ゆうきは、窓側の席から窓の外をボーっと眺めていた。
雪菜は、友達の茜と一緒にお互いの出来映えを見せ合いながら作業をしている。しかし雪菜はゆうきが気になるようで、何かとゆうきの方へ目を向けていた。そんな雪菜の様子を見て、茜はじれったそうに言った。

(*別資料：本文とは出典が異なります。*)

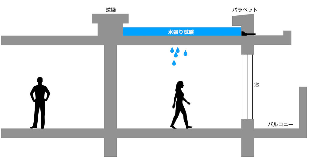 3回目の漏水が発生したのは、大雨の日だったそうです。気象情報から当時の天候を調べると、風は強くないのですが雨量が多い日でした。しかしこの時、漏水原因を調べるために外壁への放水試験を行っています。台風のように横殴りの雨で漏水が起こったのなら外壁からの漏水を疑うのもわかります。しかし風が弱く大雨が降った後の漏水で、マンションの外壁から雨水の侵入を疑うのはよくわかりません。そして外壁への放水試験の結果、漏水は発生しなかったようです。これは当然と言えるでしょう。

「そんなに八神君が気になるなら、行って話しかけたらいいじゃない」
「えっ」
驚いて雪菜は書く手を止め、茜を見る。
「どうして分かったの?」
「あんた見てれば誰だって分かるわよ。ほら、さっさと行きな!」
「え、ちょっと!」
茜に強く背中を押され、雪菜は仕方なくゆうきの席へ足を運んだ。因みに授業中だというのに教室内は騒がしく、立ち歩く生徒もあちこちにいるので、雪菜はそんなに目立たなかった。
「ゆうき」
雪菜はゆうきの席の右側に立ち、ゆうきに話しかけてみる。しかしゆうきは雪菜に気づかないのか、ボーっと窓の外を眺めていた。
暫くして、ゆうきが口を開く。
「 」
「え……」
その直後、雷の光がゆうきの顔を青白く照らし出した。
ゆうきはもう一度、呟く。今度ははっきりと雪菜にも聞き取れた。
「壊れちまえ」
そう呟いたゆうきの顔は酷く冷めていて、雪菜はゾクリと寒気を感じた。雪菜の知る、いつものゆうきではないと感じた。
「ゆうき……?」
ゆっくりとゆうきがこちらに顔を向けた。表情はさっきと変わらない。
「何」
「……何かあったの?」
この時、何となく嫌な予感がしていた。この嵐はその前触れなんじゃないか。そう思った。
そして、
「何もないよ」
そう言ってまた窓の方を向いてしまったゆうきの存在を、急に遠く感じた。言い知れぬ不安を覚えた。
遠くで雷が鳴る。またどこかで雷が落ちた。